The back-wages of sin
  
To the Editor:

              Japanese people often ask me what I think of Japan.  When I think they really want to know, I tell them about one day here I will never forget: Dec. 26, 1994.  That was the day I and a group of employees I had organized were supposed to receive three months in back wages in the Utsunomiya, Tochigi courthouse at 11:00 a.m.
              But 11:00 came and went, and it wasn't until late afternoon when the man who had refused to pay us stood in a hallway of the courthouse facing me, holding a briefcase filled with our money – refusing to open it and hand out the dough.  The lawyers we had hired then met with him in private, later informing us that he demanded that we promise to keep quiet about having to take his company to court in order to get paid.
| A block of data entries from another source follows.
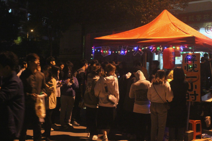 现场持续着解忧一小时活动,只见同学们纷纷带着写有自己困惑、忧愁的明信片交给社联人,希望解忧小天使能为他们解除烦恼。有趣的剪影屋吸引了许多同学前来观看。同学们积极询问参与的方法,大家都想在这美丽的剪影屋留下有爱的身影。ASI摄影协会在剪影屋隔壁进行摄影教学。工作人员手持单反相机,耐心地为同学们讲解摄影技巧,为同学们拍下创意十足的光绘照片。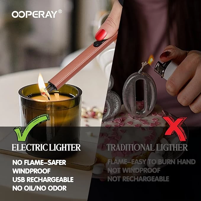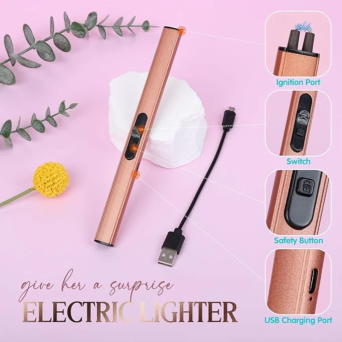 •  يمكن للتدفئة القوسية الولاعة الكهربائية تسخين الأشياء في درجة حرارة عالية في وقت قصير. ولاعة الشموع المطورة تعتمد تصميمًا مقاومًا للرياح، ويمكنك استخدامها تحت أي ظروف، إنها أدوات أخف وزنًا مثالية للاستخدام في الهواء الطلق.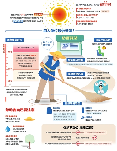 北京导游带团时中暑去世一事日前公布细节,再次引发舆论关注。连日高温,外卖员、环卫工人、建筑工人等户外劳动者仍奔忙在城市中,依据《防暑降温措施管理办法》,用人单位应采取哪些措施保障高温天气作业安全?劳动者自己还应采取哪些防护措施?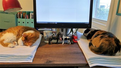 Photo is of Miss Gracie (our latest rescue kitty and our new Betta fish, Dexter.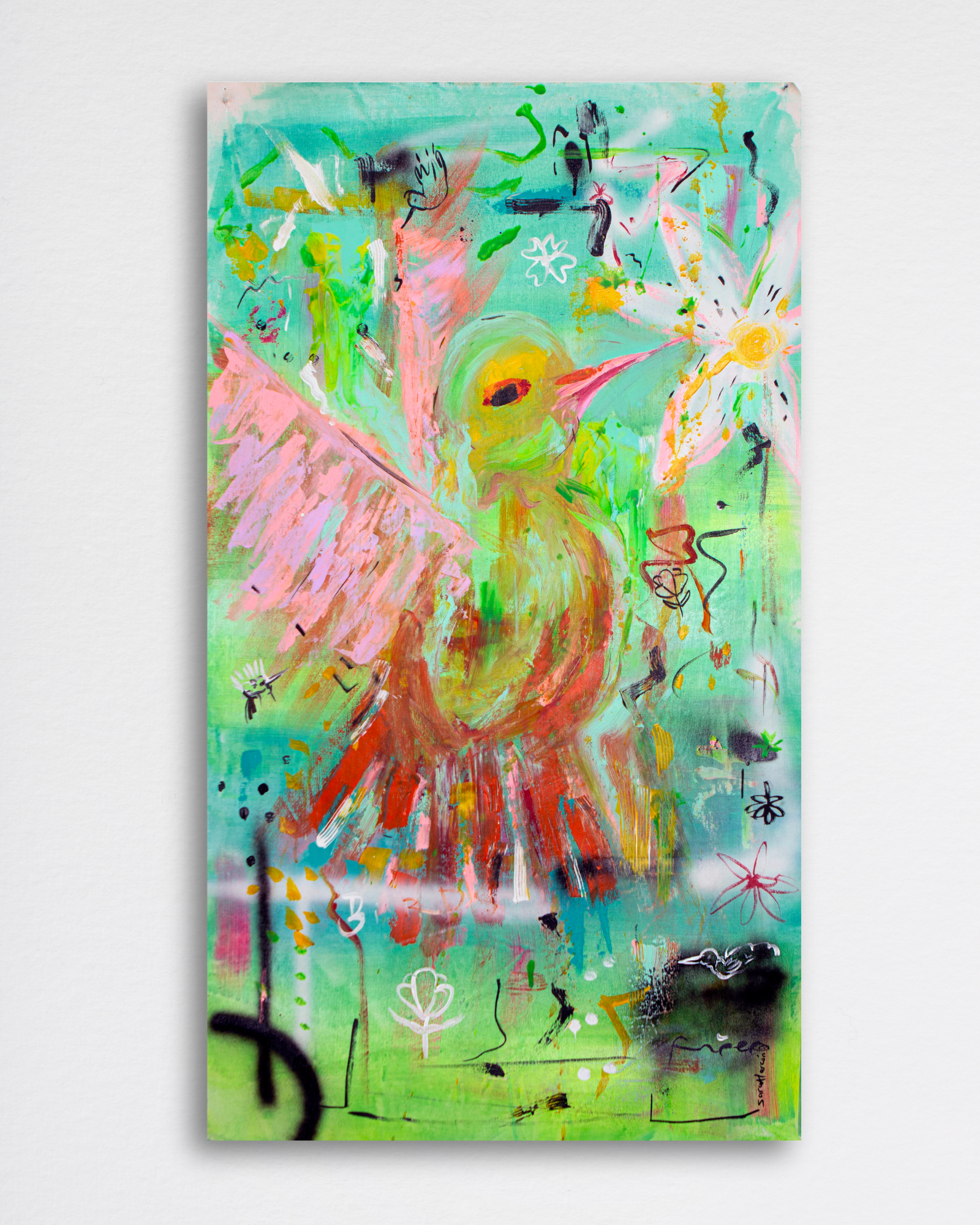 An abstract piece featuring a hummingbird soaring against a vibrant green background. Its fluid strokes and lively colors capture the bird's graceful flight, as if it's dancing in a gentle breeze.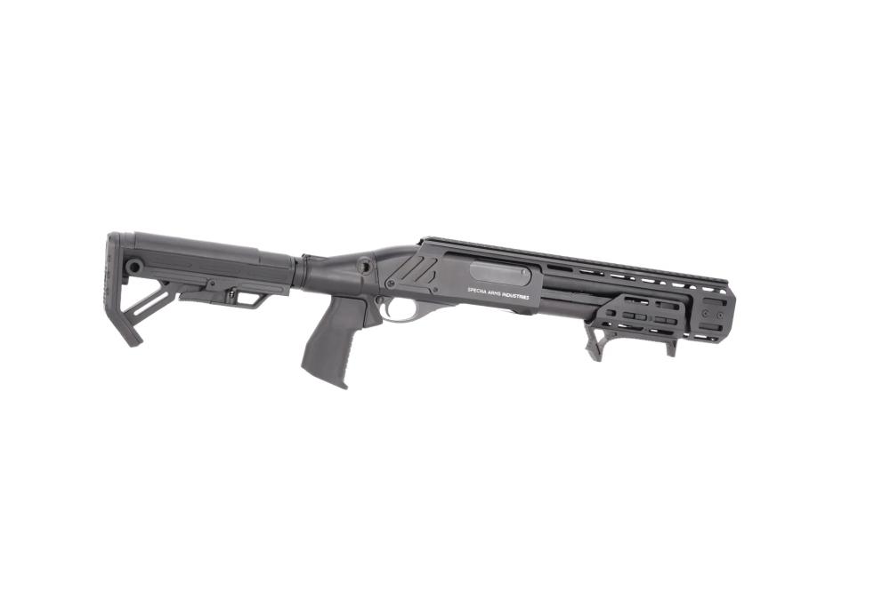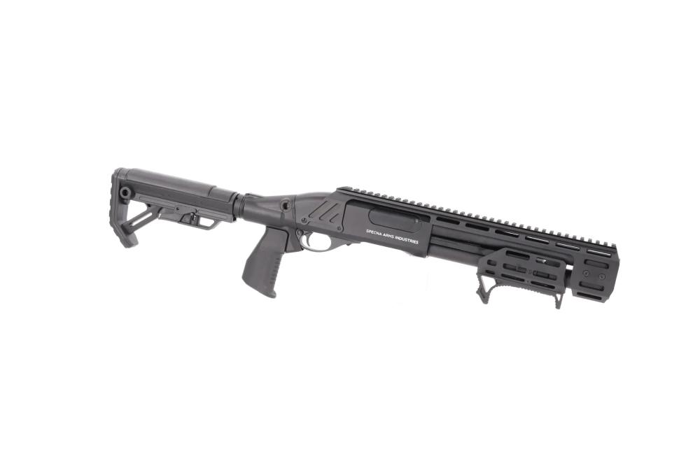 POŠALJITE UPITSpecna Arms SA-VGS1 VAPOR™ airsoft Shotgun Black je kompaktna, plinskom pogonom napajana “pump-action” sačmarica, zamišljena za dinamičnu CQB igru u skučenim prostorima i za igrače koji traže realističan rad repetiranja, pouzdanost i puno mogućnosti nadogradnje.

              Negotiations continued, and the stress from months of not being paid in a foreign country was reaching a climax in the courthouse, with some of my group in tears.  Eventually, under strong pressure from my fellow plaintiffs, our lawyers and the judge, I agreed to "refrain from doing serious damage to the company's reputation."  If I didn't agree to this vague clause, I was told by my lawyers, we wouldn't get paid.
              So we finally got our money, and the man whose company we had taken to court continued doing business, while his companies hired new employees through a broker overseas and through want ads in Japanese newspapers.
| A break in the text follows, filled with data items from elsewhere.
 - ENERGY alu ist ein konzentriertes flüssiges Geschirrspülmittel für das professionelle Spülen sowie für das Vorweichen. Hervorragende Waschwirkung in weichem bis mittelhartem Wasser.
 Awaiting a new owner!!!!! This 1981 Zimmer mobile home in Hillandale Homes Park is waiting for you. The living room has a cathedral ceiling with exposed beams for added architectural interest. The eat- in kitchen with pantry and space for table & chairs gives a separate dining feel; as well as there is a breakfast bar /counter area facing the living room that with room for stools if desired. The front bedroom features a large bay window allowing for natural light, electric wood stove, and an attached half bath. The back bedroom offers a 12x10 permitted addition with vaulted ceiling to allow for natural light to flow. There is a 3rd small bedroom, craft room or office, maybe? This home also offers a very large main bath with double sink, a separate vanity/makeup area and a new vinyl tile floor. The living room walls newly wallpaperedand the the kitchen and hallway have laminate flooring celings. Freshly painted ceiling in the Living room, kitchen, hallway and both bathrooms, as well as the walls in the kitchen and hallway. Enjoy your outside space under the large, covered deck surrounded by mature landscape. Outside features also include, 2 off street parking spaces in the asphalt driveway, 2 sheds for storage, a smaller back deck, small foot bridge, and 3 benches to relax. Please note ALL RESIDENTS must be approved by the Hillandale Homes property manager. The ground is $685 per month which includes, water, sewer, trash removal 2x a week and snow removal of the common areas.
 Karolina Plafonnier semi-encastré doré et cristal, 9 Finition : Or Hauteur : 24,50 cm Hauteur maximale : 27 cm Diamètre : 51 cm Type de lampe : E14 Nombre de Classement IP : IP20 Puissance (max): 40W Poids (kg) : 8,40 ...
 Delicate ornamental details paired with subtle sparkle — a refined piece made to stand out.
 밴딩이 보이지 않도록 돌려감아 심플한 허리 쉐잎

              But with a new group of employees, the same company we had taken to court stopped paying wages again.  After I introduced these employees to one of our lawyers, the company was sued a second time for three months in back wages.  This time, however, no one showed up to represent the company in the courthouse, and the company ignored the court order to pay.
              Finally, the government paid a percentage of those employees' wages, but I recently heard that the landlords of the company's branch offices have still not received their rent – which is as much as a year in arrears.
              According to copies of the company's business registration I recently obtained, the company is still legally operating (though it is not currently doing business).  Furthermore, the man who had refused to pay us is still legally responsible for the company's name.  Meanwhile, he continues to run other businesses in Utsunomiya, one of which is an "international" senmon gakko (vocational school) in the city's Motoimaizumi district – where he had me teach English when he wasn't paying us.
              I will always remember the tears on the faces of people who weren't being paid when I think of Japan's internationalization program.  But I suspect the man who held tightly to the briefcase filled with his employees wages laughs when he thinks about it.  He has good reason to laugh – because Japan's internationalization program, like its system of justice, seems like some kind of cruel joke.